Why Do We Need an Ethical Framework for AI?

Jean-Francois Gagné
Element AI
Published in
5 min readJun 18, 2018
Photo by Joakim Honkasalo on Unsplash

Next week I’m headed to Brussels to be confirmed as a member of the European Commission’s High-Level Expert Group on AI (you can check the link for the mandate and full list of members). Non-European representatives are incredibly rare occurrences in the EC’s HLGs and I’m honored to have been accepted as we’ll be acting as the steering committee for the European AI Alliance’s work. It is an incredible initiative to support broad collaboration across domains of expertise, industry, society and nationality. I applied to join because Europe has been setting the example for creating the much-needed frameworks for cooperation and regulation locally and as a bloc. It is critical that we do not overcomplicate these frameworks, and create something that the rest of the world can build on.

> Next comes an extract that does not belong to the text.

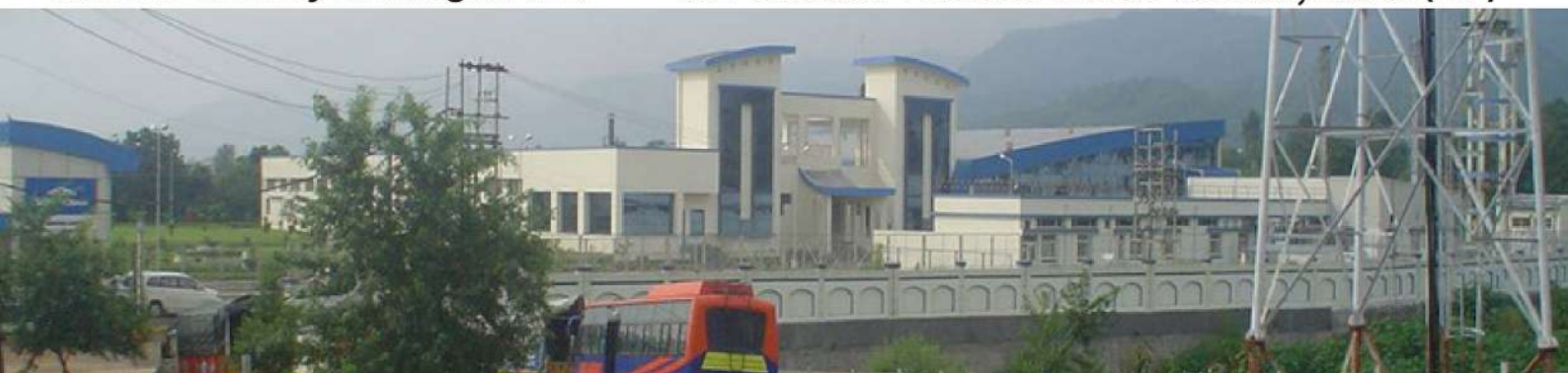
Grindwell Norton Ltd. (Saint Gobain) Baddi (Awarded Project from IAD)

Ethics is a topic of conversation everywhere in the AI community. Many organizations are flaunting the ethical standards that they’ve created or revamped for their organizations trying to show that they are on the right side of history. But while it’s clear to most people machines should follow ethical rules, I don’t think we’ve done a good job of explaining the limitations of implementing those rules and why we still need to develop an ethical framework for machines. After all, don’t we already have ethical frameworks to use? Yes, we do, but for the behavior of people in society, not machines automating our world. A productive conversation about regulating AI will depend on us figuring out how we even translate our stated values, whatever they may be, into a language that machines can understand.

How we currently shape our ethics

As people, we are born into a framework, a training system that starts with our parents teaching us their values and shaping the fundamental structures for our behavior. After only just a few years of development we mix in another, broader set of instructions at school. There we are taught how to engage in social relationships, learning stories about what’s right and wrong — starting out as simple nursery rhymes and evolving into detailed histories of the ongoing debate of Right vs. Wrong.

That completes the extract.